◆ Activity:
Beginning with the line containing "This Guess tote" and going on through the line containing "bois recyclés vernis", the lines below are to be returned exactly, pictures excluded and nothing added.

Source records
******************************

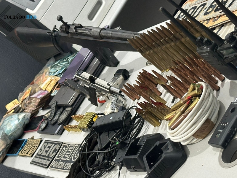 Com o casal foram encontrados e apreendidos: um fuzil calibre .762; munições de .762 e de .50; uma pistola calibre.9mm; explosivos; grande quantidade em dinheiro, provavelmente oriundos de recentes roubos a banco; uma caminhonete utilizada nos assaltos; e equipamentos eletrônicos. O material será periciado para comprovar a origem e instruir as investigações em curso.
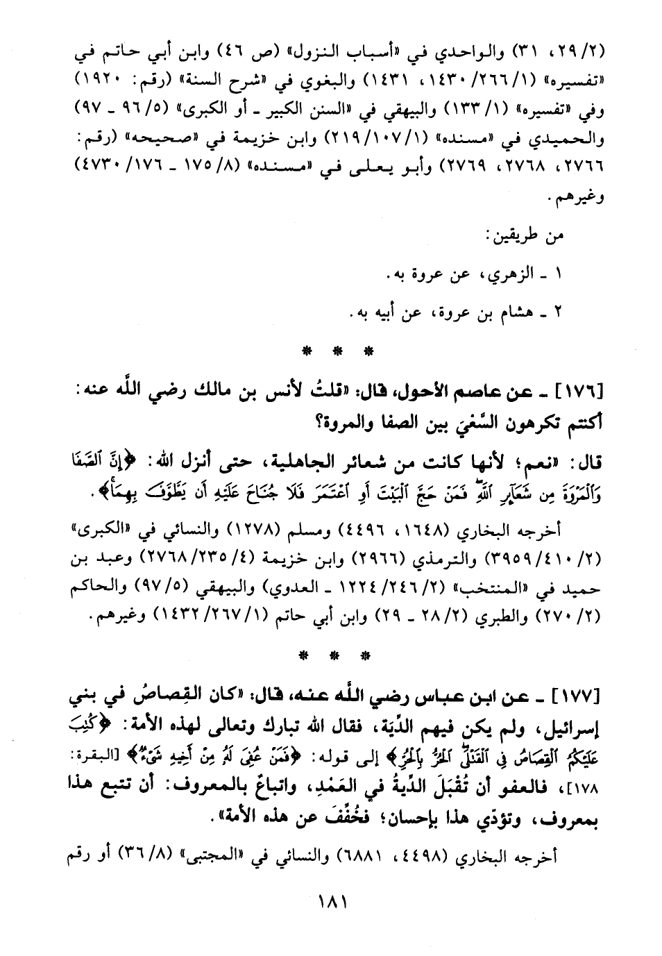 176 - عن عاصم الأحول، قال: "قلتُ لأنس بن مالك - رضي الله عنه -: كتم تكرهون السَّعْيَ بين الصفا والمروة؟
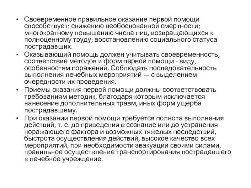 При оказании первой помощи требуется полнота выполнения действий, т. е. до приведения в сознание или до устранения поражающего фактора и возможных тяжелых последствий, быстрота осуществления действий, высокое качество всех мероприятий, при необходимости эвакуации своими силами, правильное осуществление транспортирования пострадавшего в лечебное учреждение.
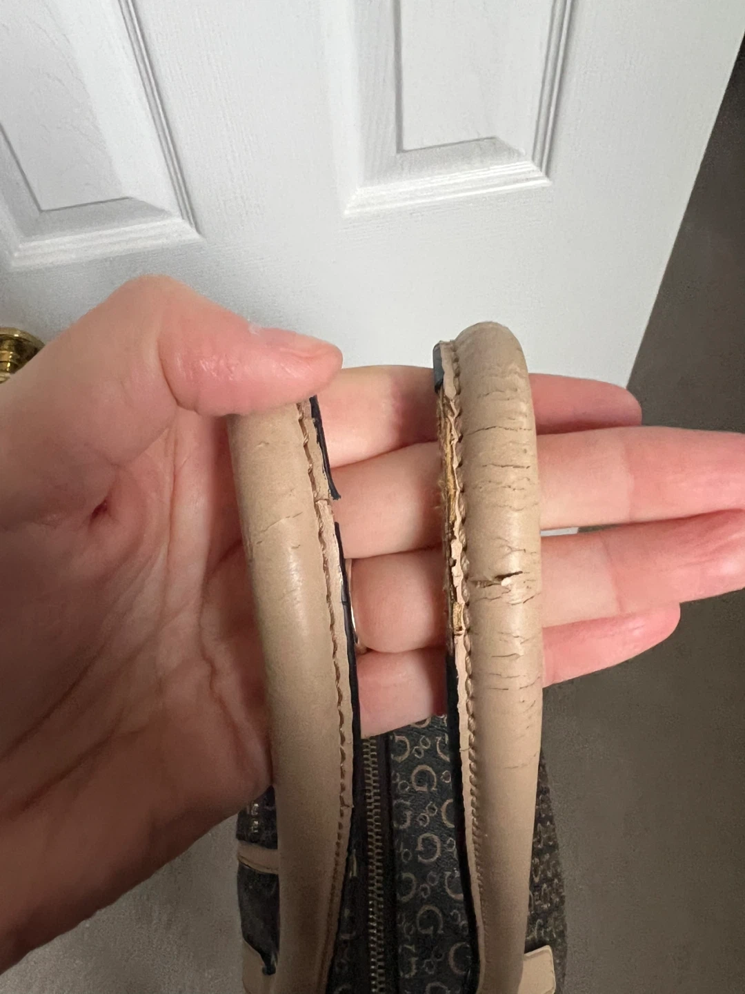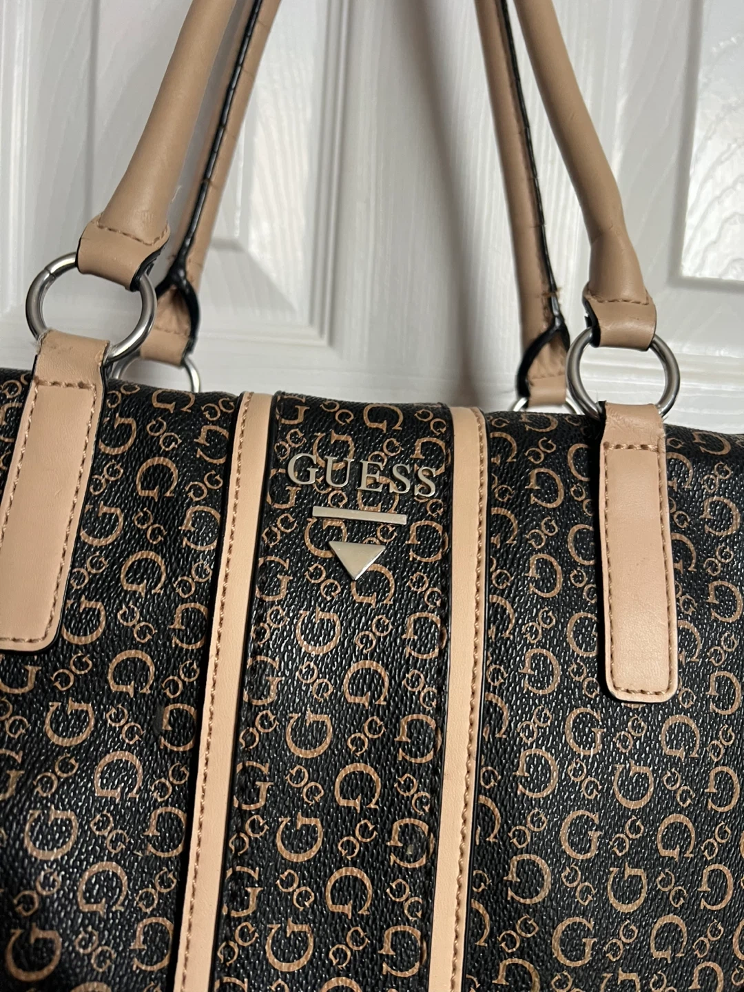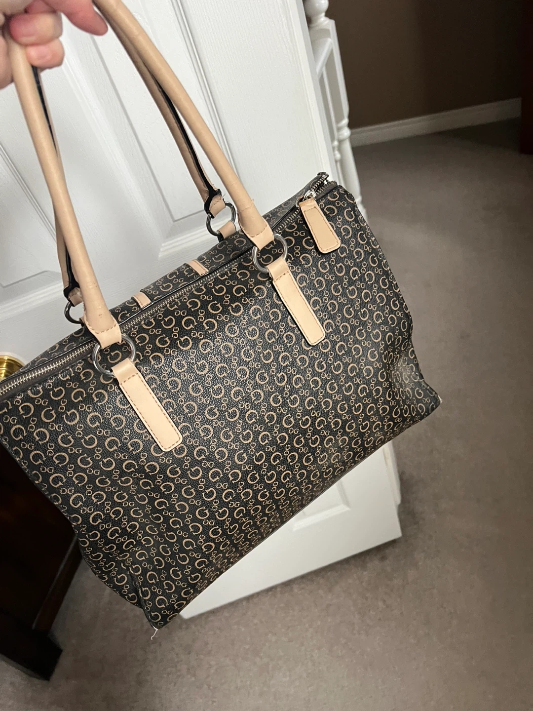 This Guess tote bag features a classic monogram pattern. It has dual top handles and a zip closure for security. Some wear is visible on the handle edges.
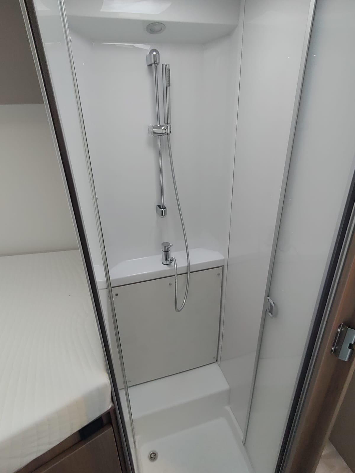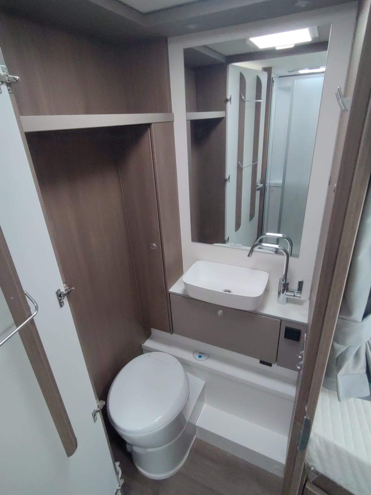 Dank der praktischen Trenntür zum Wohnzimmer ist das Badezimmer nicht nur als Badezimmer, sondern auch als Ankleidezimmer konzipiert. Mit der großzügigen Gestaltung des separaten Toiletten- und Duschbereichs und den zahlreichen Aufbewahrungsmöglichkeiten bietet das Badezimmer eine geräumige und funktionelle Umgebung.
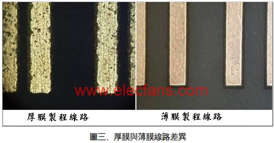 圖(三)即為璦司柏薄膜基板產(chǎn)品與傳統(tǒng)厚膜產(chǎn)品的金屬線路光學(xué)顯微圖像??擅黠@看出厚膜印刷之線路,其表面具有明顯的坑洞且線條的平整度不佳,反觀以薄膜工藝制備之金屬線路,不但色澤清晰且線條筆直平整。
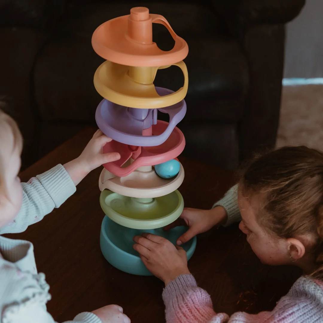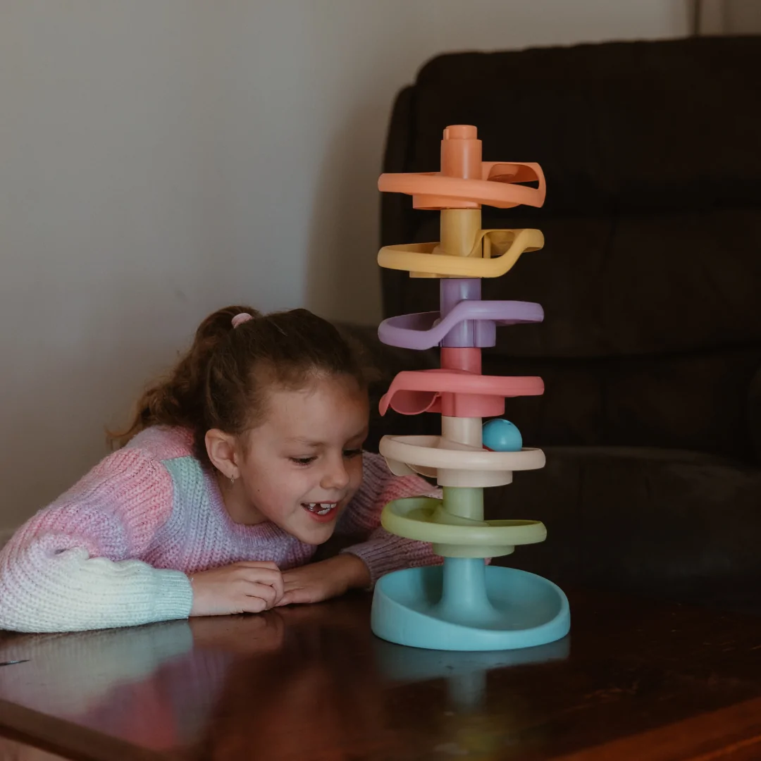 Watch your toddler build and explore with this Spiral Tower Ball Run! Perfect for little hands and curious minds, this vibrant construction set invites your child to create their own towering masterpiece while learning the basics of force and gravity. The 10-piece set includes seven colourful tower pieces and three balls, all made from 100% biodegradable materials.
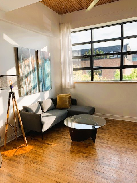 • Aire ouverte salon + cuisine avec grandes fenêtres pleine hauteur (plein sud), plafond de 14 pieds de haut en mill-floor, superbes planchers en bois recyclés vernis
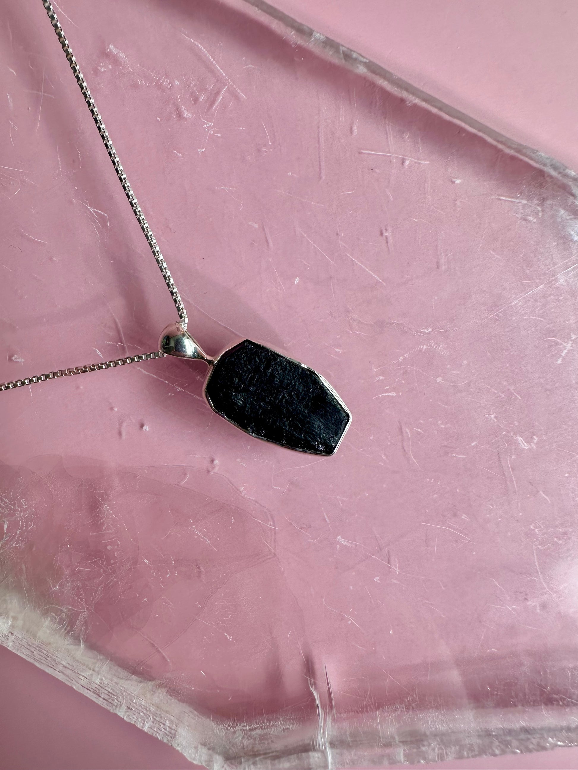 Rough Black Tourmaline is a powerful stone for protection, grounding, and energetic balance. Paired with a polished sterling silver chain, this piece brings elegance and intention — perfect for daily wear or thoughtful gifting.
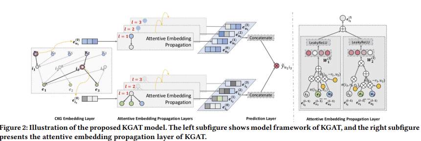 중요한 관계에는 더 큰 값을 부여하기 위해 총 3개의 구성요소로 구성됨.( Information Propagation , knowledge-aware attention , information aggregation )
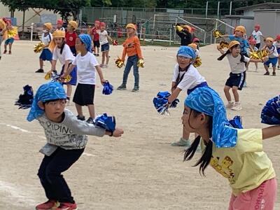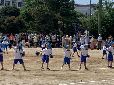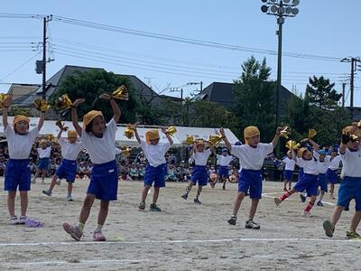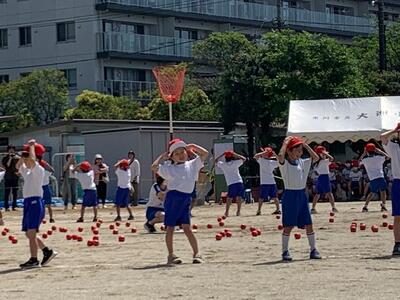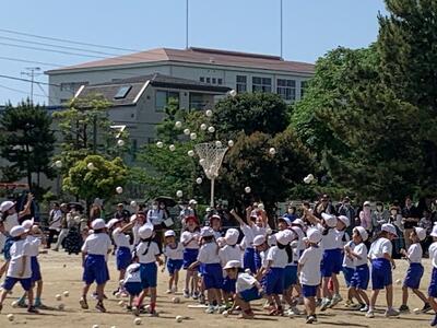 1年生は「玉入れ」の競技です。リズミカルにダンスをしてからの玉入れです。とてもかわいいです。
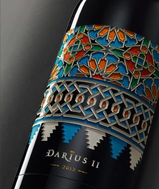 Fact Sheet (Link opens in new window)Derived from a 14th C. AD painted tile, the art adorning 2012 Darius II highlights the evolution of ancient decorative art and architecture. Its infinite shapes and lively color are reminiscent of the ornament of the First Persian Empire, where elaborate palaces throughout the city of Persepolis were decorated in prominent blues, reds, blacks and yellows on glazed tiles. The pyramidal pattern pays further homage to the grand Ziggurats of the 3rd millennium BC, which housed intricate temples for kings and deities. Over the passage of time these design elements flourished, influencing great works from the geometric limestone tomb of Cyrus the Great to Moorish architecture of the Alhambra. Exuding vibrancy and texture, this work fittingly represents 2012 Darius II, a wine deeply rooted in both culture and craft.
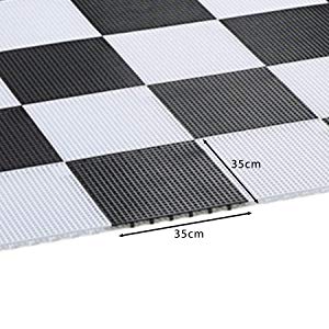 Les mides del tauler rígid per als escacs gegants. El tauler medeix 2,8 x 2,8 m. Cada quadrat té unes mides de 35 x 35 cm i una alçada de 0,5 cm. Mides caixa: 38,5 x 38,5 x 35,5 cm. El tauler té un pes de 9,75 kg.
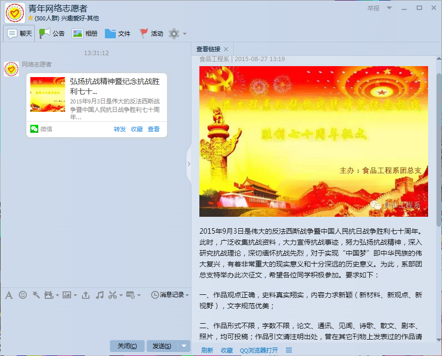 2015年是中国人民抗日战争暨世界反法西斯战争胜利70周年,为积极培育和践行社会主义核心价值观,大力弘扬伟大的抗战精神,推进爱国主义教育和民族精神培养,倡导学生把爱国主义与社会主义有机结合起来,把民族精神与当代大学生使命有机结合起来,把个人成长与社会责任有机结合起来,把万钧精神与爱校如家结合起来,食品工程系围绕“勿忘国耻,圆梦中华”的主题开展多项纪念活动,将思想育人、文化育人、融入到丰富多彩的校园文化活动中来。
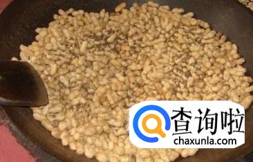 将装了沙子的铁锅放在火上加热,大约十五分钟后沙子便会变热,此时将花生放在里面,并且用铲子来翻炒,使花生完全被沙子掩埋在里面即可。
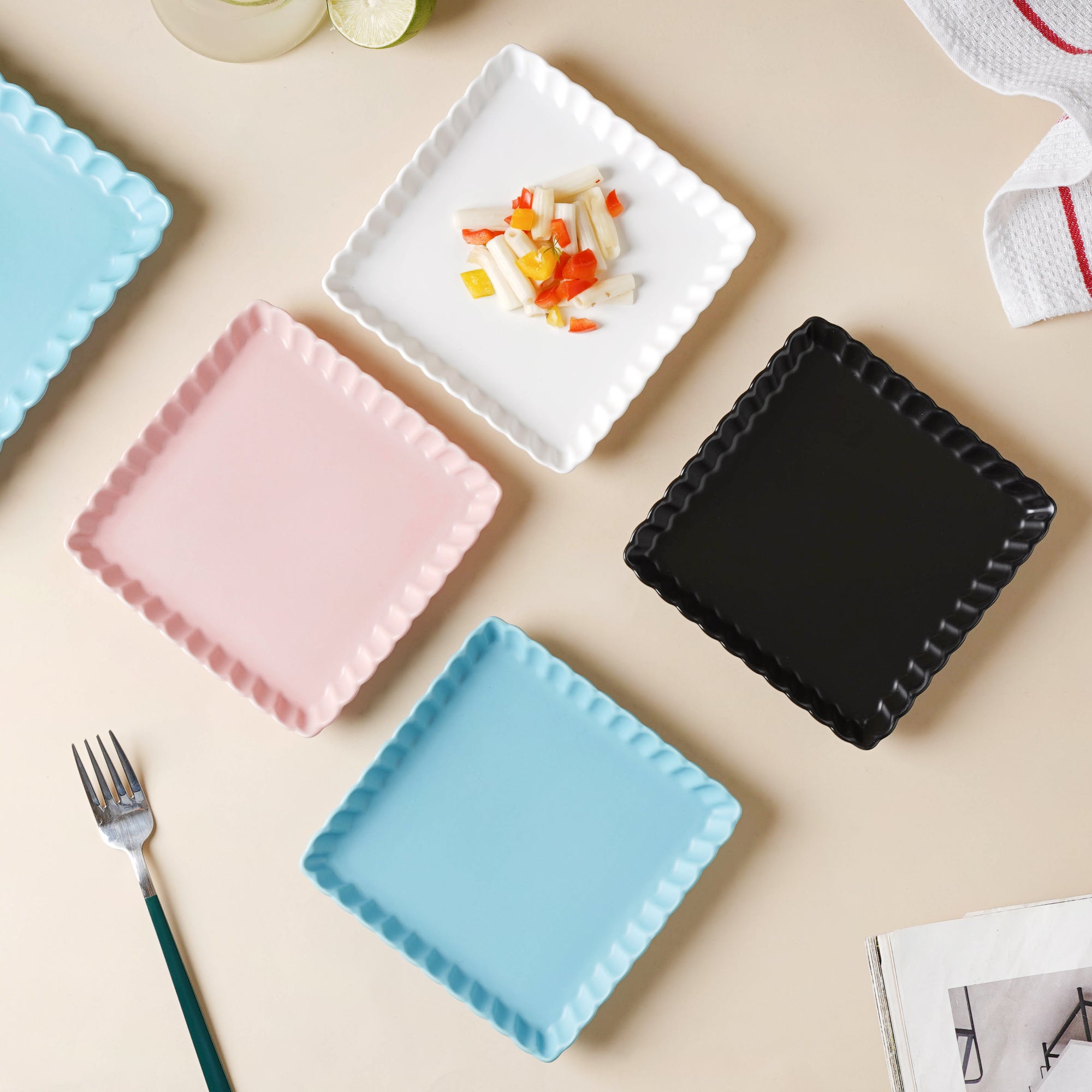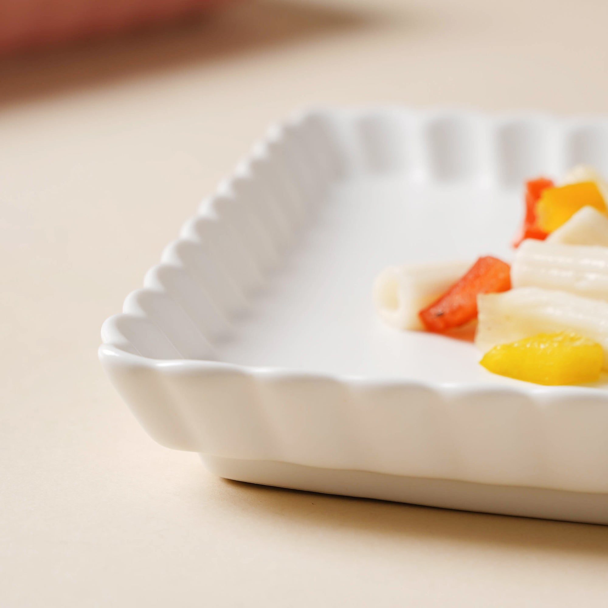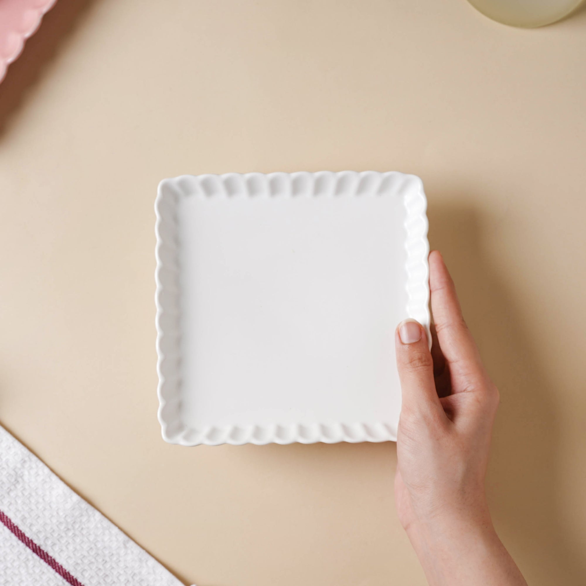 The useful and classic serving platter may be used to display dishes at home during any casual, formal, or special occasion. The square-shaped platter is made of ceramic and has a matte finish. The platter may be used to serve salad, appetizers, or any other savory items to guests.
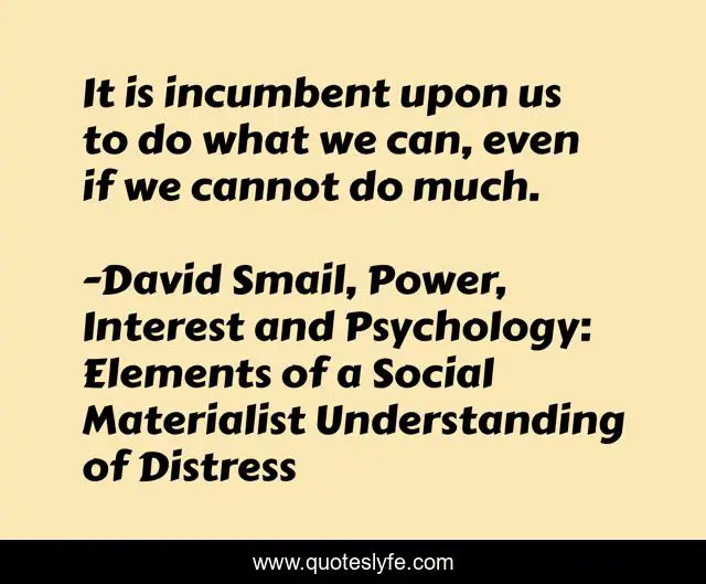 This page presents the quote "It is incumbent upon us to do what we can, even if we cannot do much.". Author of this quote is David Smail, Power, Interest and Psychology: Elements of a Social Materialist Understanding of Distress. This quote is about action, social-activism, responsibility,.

******************************

◆ Response below:
 This Guess tote bag features a classic monogram pattern. It has dual top handles and a zip closure for security. Some wear is visible on the handle edges.
 Dank der praktischen Trenntür zum Wohnzimmer ist das Badezimmer nicht nur als Badezimmer, sondern auch als Ankleidezimmer konzipiert. Mit der großzügigen Gestaltung des separaten Toiletten- und Duschbereichs und den zahlreichen Aufbewahrungsmöglichkeiten bietet das Badezimmer eine geräumige und funktionelle Umgebung.
 圖(三)即為璦司柏薄膜基板產(chǎn)品與傳統(tǒng)厚膜產(chǎn)品的金屬線路光學(xué)顯微圖像??擅黠@看出厚膜印刷之線路,其表面具有明顯的坑洞且線條的平整度不佳,反觀以薄膜工藝制備之金屬線路,不但色澤清晰且線條筆直平整。
 Watch your toddler build and explore with this Spiral Tower Ball Run! Perfect for little hands and curious minds, this vibrant construction set invites your child to create their own towering masterpiece while learning the basics of force and gravity. The 10-piece set includes seven colourful tower pieces and three balls, all made from 100% biodegradable materials.
 • Aire ouverte salon + cuisine avec grandes fenêtres pleine hauteur (plein sud), plafond de 14 pieds de haut en mill-floor, superbes planchers en bois recyclés vernis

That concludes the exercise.